My brain is constantly clanging around with recipe ideas. Sometimes they are inspired by dishes I’ve seen in restaurants, in magazines, or on other blogs, but sometimes I get a name in my head for a recipe first.
Pestachio. It’s just fun to say!
But, don’t worry. I wouldn’t post it if pistachio pesto wasn’t also awesome.
If you can imagine a pesto that is somehow a darker, deeper green than one made with just basil and has a richer flavor, this pesto is that.
Of course, there is the shelling issue. While you can buy pistachios pre-shelled, I don’t mind the work and find it a bit meditative. Plus, I reward myself with one pistachio for every four that I shell.
1) Shell pistachios. If you have any stubborn ones, you can use a half shell from another pistachio to pry open the shell.
2) Add nuts to a food processor with basil, mint, and minced garlic. Drizzle in a few tablespoons of olive oil and pulse until the mixture is a coarse paste.
3) Drizzle in rest of olive oil until pesto is a good consistency. There shouldn’t be any lumps, but it doesn’t need to be completely smooth.
4) Remove pesto from food processor and season with salt and pepper. Stir in minced scallions and Parmesan cheese.

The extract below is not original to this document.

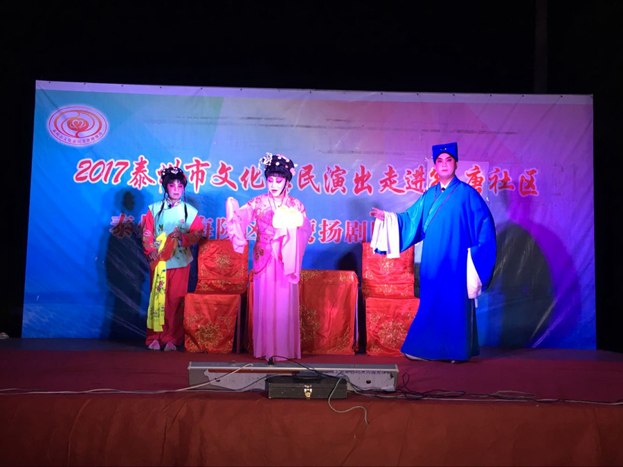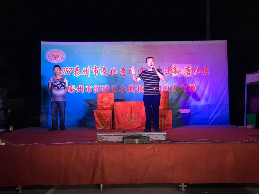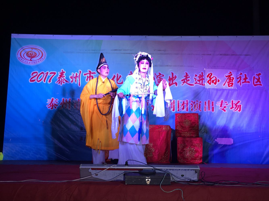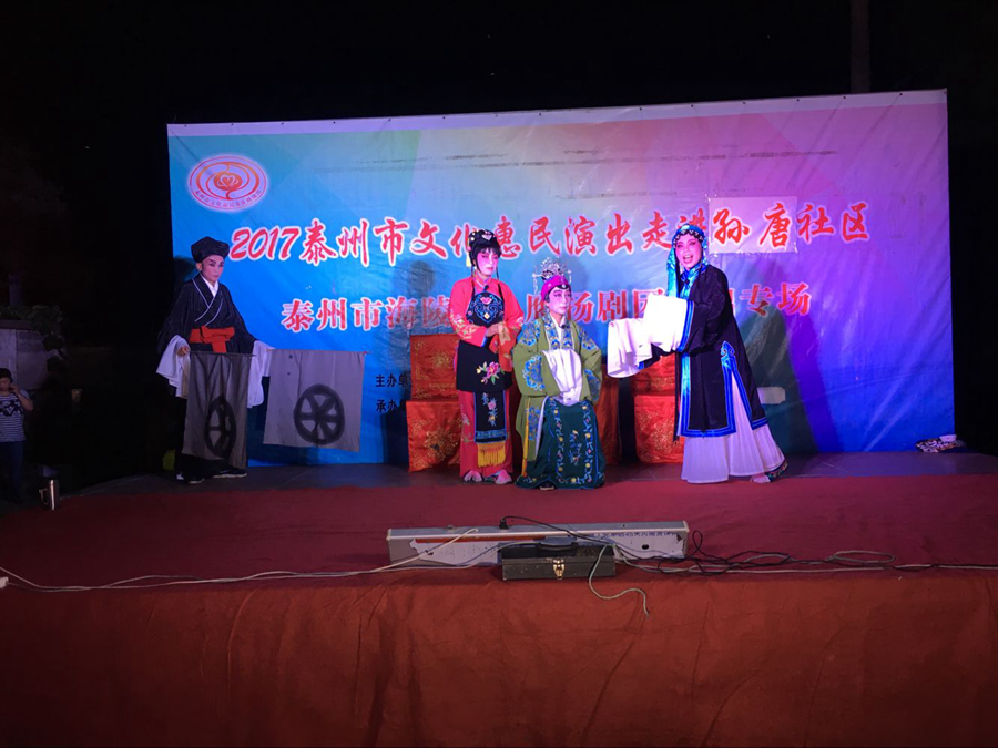 2017泰州市文化惠民演出走进海陵区京泰街道孙唐社区,海陵区小鹰扬剧团专场演出,2017年7月8日晚上在海陵区京泰街道孙唐社区文化广场成功举办。经典的扬剧折子戏博得了观众的阵阵掌声。演出很成功!感谢社区领导提供全方位的服务!

Store pesto in the fridge for up to five days.
To use it in pasta, it’s best to warm it in a pot with some hot pasta water to loosen it a bit. Then stir that mixture into the hot pasta.

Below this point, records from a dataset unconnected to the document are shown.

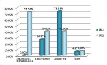 对国有银行改革,40.00%民营有要求,国企高达73.33%。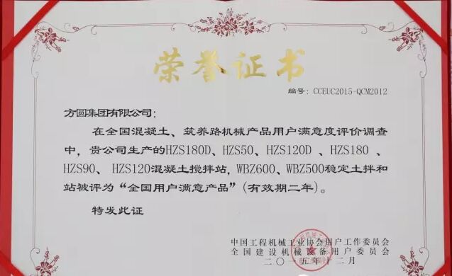 方圓集團憑借在售后服務領域的突出表現(xiàn),榮獲“用戶滿意服務單位”的稱號,同時,方圓集團生產(chǎn)的HZS180D、HZS50、HZS120D、HZS180、HZS90、HZS120型混凝土攪拌站,WBZ600、WBZ500型穩(wěn)定土拌和站被評為“全國用戶滿意產(chǎn)品”。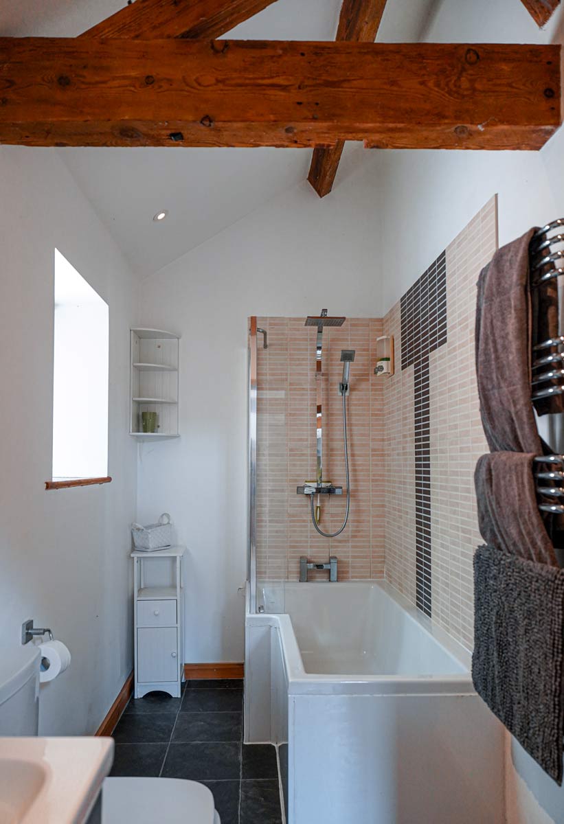 - Bathroom with shower above full sized shower bath, heated towel radiator, sensor mirror and soft close toilet seats awarded 5* quality.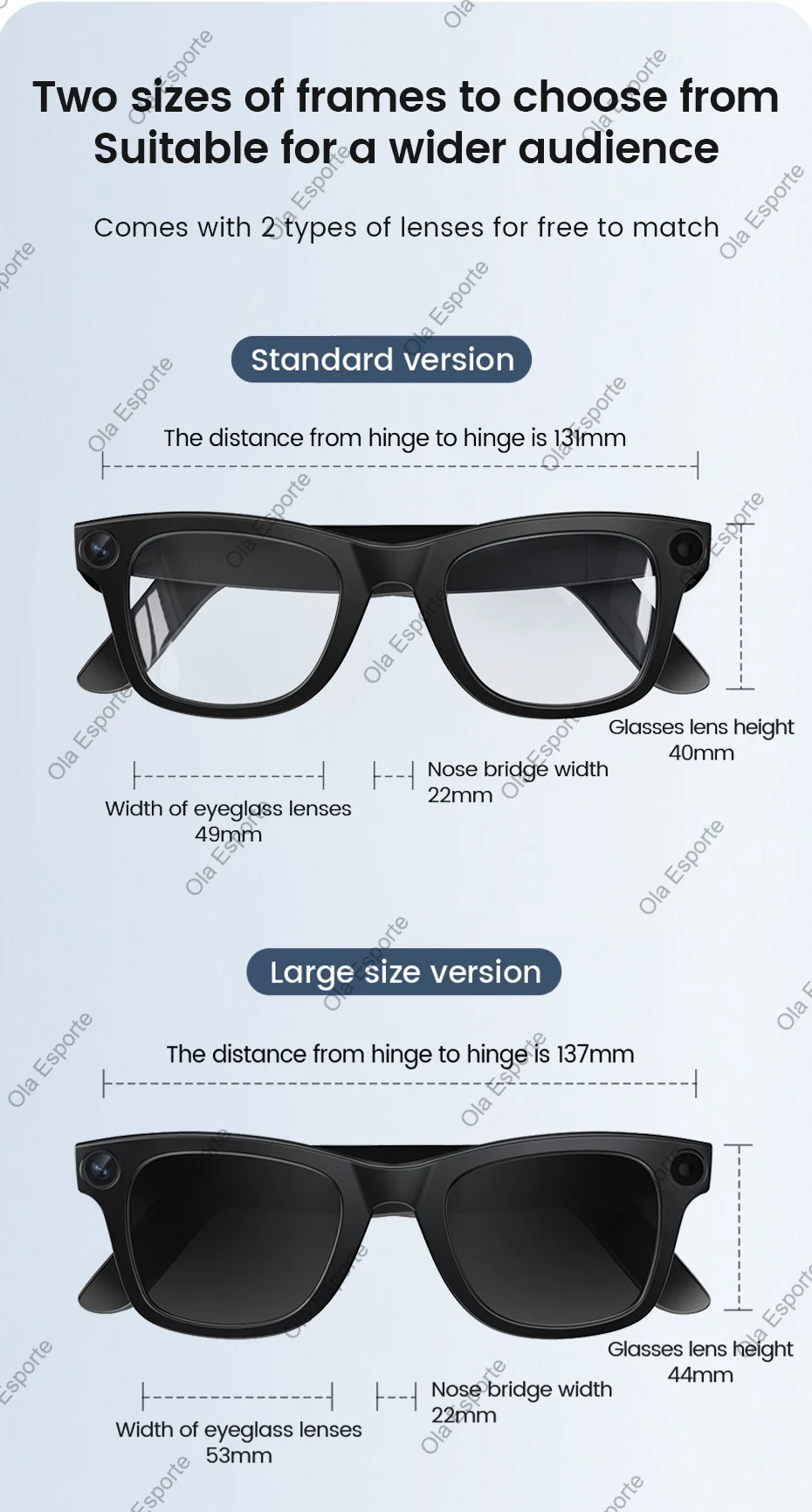2IN1 AI Smart Glasses 800W Pixel Camera Bluetooth Call Voice Assistant Stereo Music Translate anti-blue light lenses Sunglasses

You want about six ounces of pistachios for this recipe and that is roughly a cup of shelled pistachios. If you’ve never shelled that many pistachios, it’s an almost impossible amount to reach because when you get about half a cup, you will find yourself eating as many as you shell.
It’s a never-ending cycle. Just make sure you have enough pistachios on hand to do the recipe and snack!

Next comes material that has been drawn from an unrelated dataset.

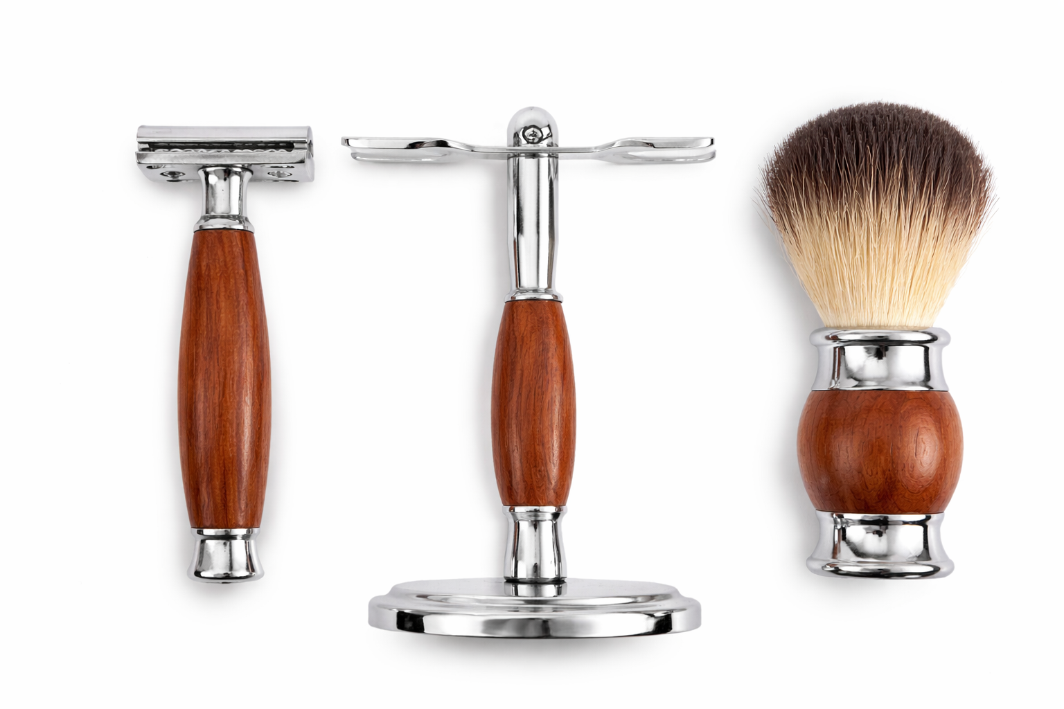 - chromovaný holicí strojek s dřevěným držadlem

One tip: If you have a stubborn nut, you can use the half of a shell from an already shelled pistachio to pry open the stubborn one. Works like a charm!
Once you get enough pistachios to measure out a cup or so, add them to a food processor with the basil, a clove of minced garlic, and some mint.
The mint/basil combo is another nice little touch. You could use all basil if you wanted, but I really like the mint. A little goes a long way.
Add enough olive oil to make sure the mixture can form a coarse paste. Then you can add the rest of the olive oil in a slow stream as the mix processes.
This was my finished pulsed pesto.
It looks good, but we have a few more add-ins to go.
Besides a big pinch of salt and pepper, the pestachio will benefit from some cheese (parm is always a good bet) and some mild onion flavor. Instead of processing these things in though, I like to stir them in so the pesto has a little texture to it.
The finished pesto has a beautiful color. If you’re storing it for later, add a drizzle of oil to the top of it which will keep it fresh.
I just love the dark green color.
Using the Pistachio Pesto
You can use the pestachio in pretty much any recipe that calls for pesto. It has such great flavor though, I think it’s best served with pasta on its own.
The key to making this really shine is to cook your pasta and reserve about 1 cup of salty pasta water. Then heat your pesto in a separate pot over medium-low heat and add enough reserved, hot pasta water to loosen the pesto a bit. It should almost turn into a creamy sauce.
Then toss your hot, drained pasta right in and stir it all together. The little bit of pasta water will make everything come together.
You need nothing else on this pasta. It’s delicious just like this. Pile it high and dig in!